(Beginning of WORKING DATA)

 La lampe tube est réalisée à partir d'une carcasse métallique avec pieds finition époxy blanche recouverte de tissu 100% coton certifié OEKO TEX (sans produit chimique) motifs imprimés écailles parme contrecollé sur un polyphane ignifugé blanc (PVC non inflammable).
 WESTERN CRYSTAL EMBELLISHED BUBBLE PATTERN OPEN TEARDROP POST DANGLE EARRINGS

(End of WORKING DATA)
(Beginning of WORKING DATA)

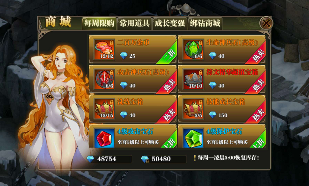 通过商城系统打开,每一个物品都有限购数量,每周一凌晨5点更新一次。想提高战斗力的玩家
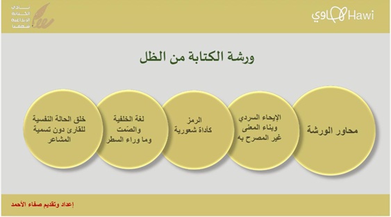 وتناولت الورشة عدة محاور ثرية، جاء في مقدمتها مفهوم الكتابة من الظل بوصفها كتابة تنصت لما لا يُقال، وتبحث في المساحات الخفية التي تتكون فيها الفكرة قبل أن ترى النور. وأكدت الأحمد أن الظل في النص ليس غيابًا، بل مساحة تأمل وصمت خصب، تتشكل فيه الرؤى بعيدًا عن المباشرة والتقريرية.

(End of WORKING DATA)
(Beginning of WORKING DATA)

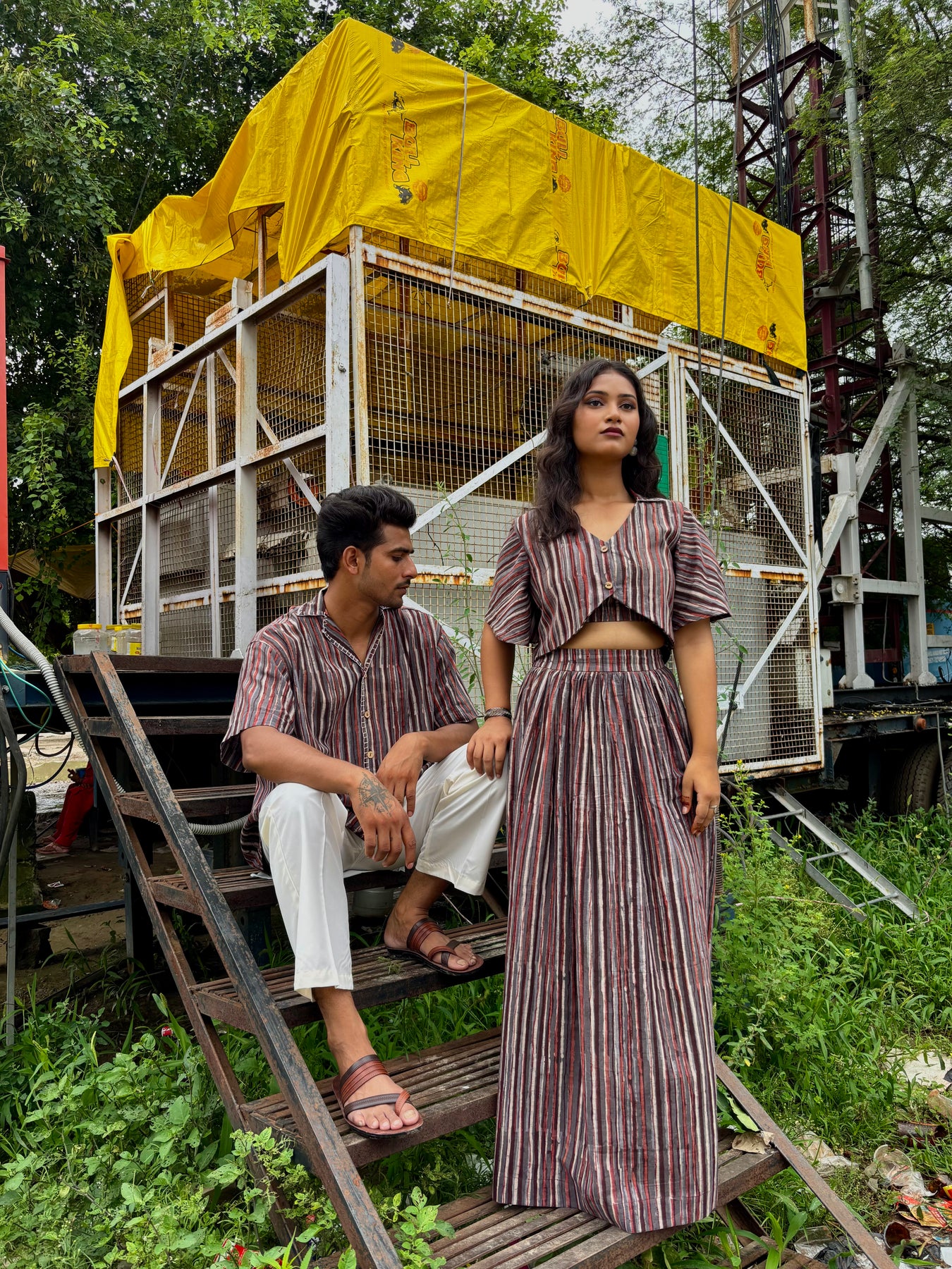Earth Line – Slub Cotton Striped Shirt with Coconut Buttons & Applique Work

(End of WORKING DATA)

WORK TO BE COMPLETED:
Copy out only the lines above from the one with "La lampe tube" to the one with "WESTERN CRYSTAL EMBELLISHED", inclusive, exactly as they stand.

TASK OUTPUT:
 La lampe tube est réalisée à partir d'une carcasse métallique avec pieds finition époxy blanche recouverte de tissu 100% coton certifié OEKO TEX (sans produit chimique) motifs imprimés écailles parme contrecollé sur un polyphane ignifugé blanc (PVC non inflammable).
 WESTERN CRYSTAL EMBELLISHED BUBBLE PATTERN OPEN TEARDROP POST DANGLE EARRINGS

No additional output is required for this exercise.